Tous ces chantiers nous attendent, mais ne doivent pas pour autant peser sur le coeur de
votre métier qui est d’offrir au public – à tous les publics – le plaisir du cinéma. Un plaisir
partagé entre toutes les générations.

J’ai la conviction que nous devons aujourd’hui prêter une attention particulière au jeune
public, vivier des spectateurs de demain. Un vrai programme d’éducation au cinéma, plus
ambitieux que celui dont nous disposons aujourd’hui, devrait voir le jour. Je me suis
récemment entretenu de cette question avec mon collègue François Fillon, et nous sommes
convenus d’amplifier et de renforcer les initiatives favorisant la découverte des films en salles
par les publics scolaires. Les opérations « Ecole, Collège et Lycée au cinéma » doivent être
non seulement poursuivies mais étendues – voire prolongées par d’autres initiatives. Et j’ai
suggéré au Ministre de l’éducation nationale une meilleure coordination de ces programmes
entre nos deux ministères, à travers la nomination d’un responsable à l’éducation nationale.

Je sais que vous avez la préoccupation constante de communiquer auprès de votre public,
et notamment des plus jeunes.

Je tiens à féliciter le président Jean Labé et ses équipes pour le très beau travail de
promotion du cinéma effectué cet année par la Fédération, notamment à l’occasion du
Printemps du cinéma et du 20ème anniversaire de la Fête du cinéma, qui ont été de réels
succès. Je pense aussi à la nouvelle opération destinée à promouvoir les films de la rentrée
cinématographique, avec un million de DVD de bandes-annonces offerts au public. Enfin, je
sais que demain, ici même, avec la collaboration de vos collègues distributeurs, et
l’engagement actif de Marin Karmitz, Président de la Fédération nationale des distributeurs
de films, vous allez permettre à tous les participants du Congrès de voir bandes-annonces et
premières images de presque tous les films qui passeront sur les écrans ces prochains mois.

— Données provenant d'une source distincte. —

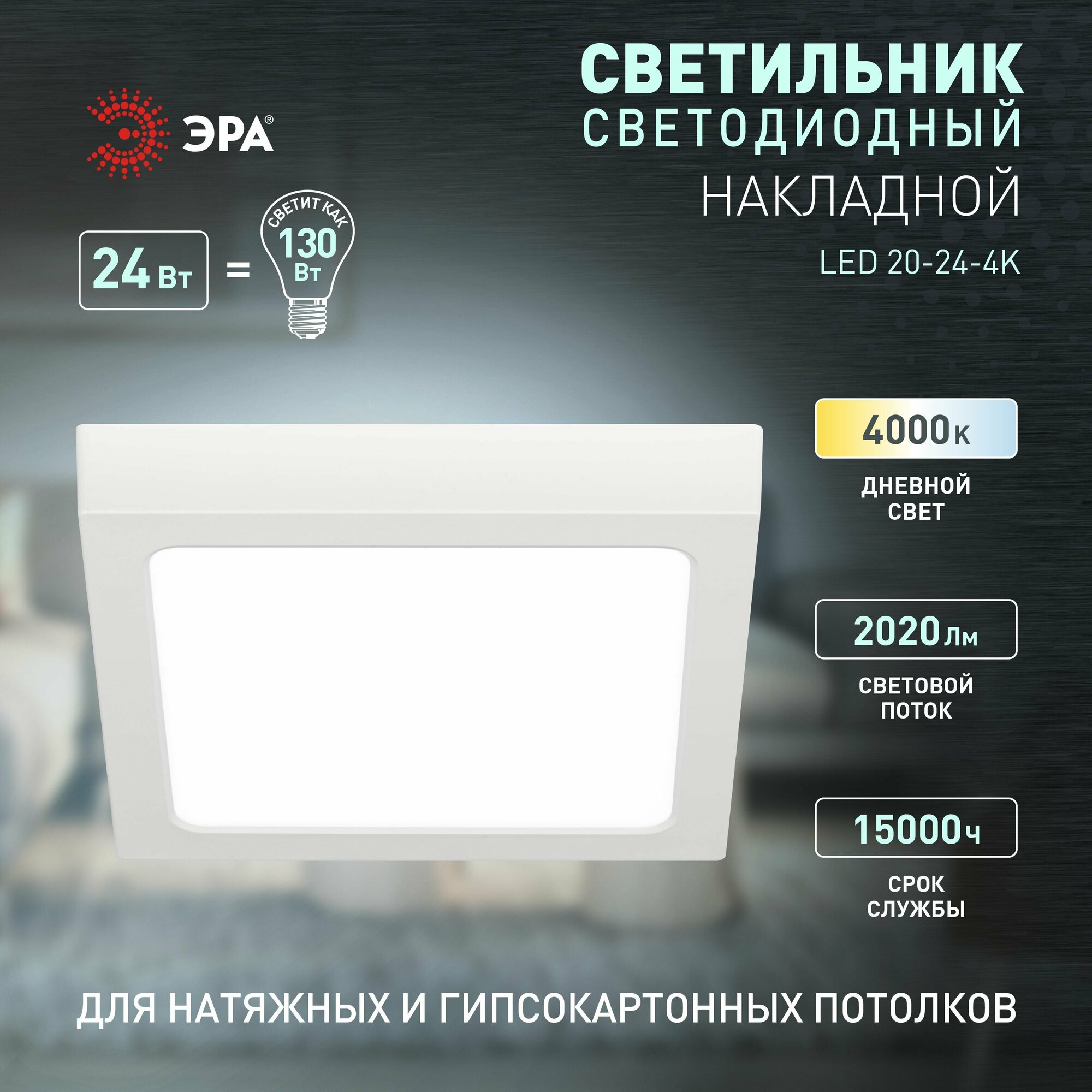Светильник потолочный накладной ЭРА LED 20-24-4K светодиодный декоративный, квадратный 24Вт 4000К интересное:

C’est un relais précieux de notoriété pour bon nombre d’entre eux.

Je suis convaincu – car la rumeur positive sur certains de ces films est venue jusqu’à moi –
que 2004 nous laissera la mémoire d’une bonne année cinématographique. Je forme donc
avec vous le voeu que nous puissions, en début d’année prochaine, constater que toutes les
conditions sont désormais réunies pour retrouver un niveau de fréquentation des salles que
nous n’avions pas connu depuis de nombreuses années et qui redonne au cinéma son statut
de spectacle offert au plus grand nombre. Ce serait la marque du succès des efforts
conjugués de tous ceux qui pensent – et je suis de ceux-là – que la création
cinématographique dans sa pluralité, dans la diversité, dans la liberté, est l’une des
expressions les plus précieuses de notre culture.

Je vous remercie de votre attention et vous souhaite d’excellents travaux.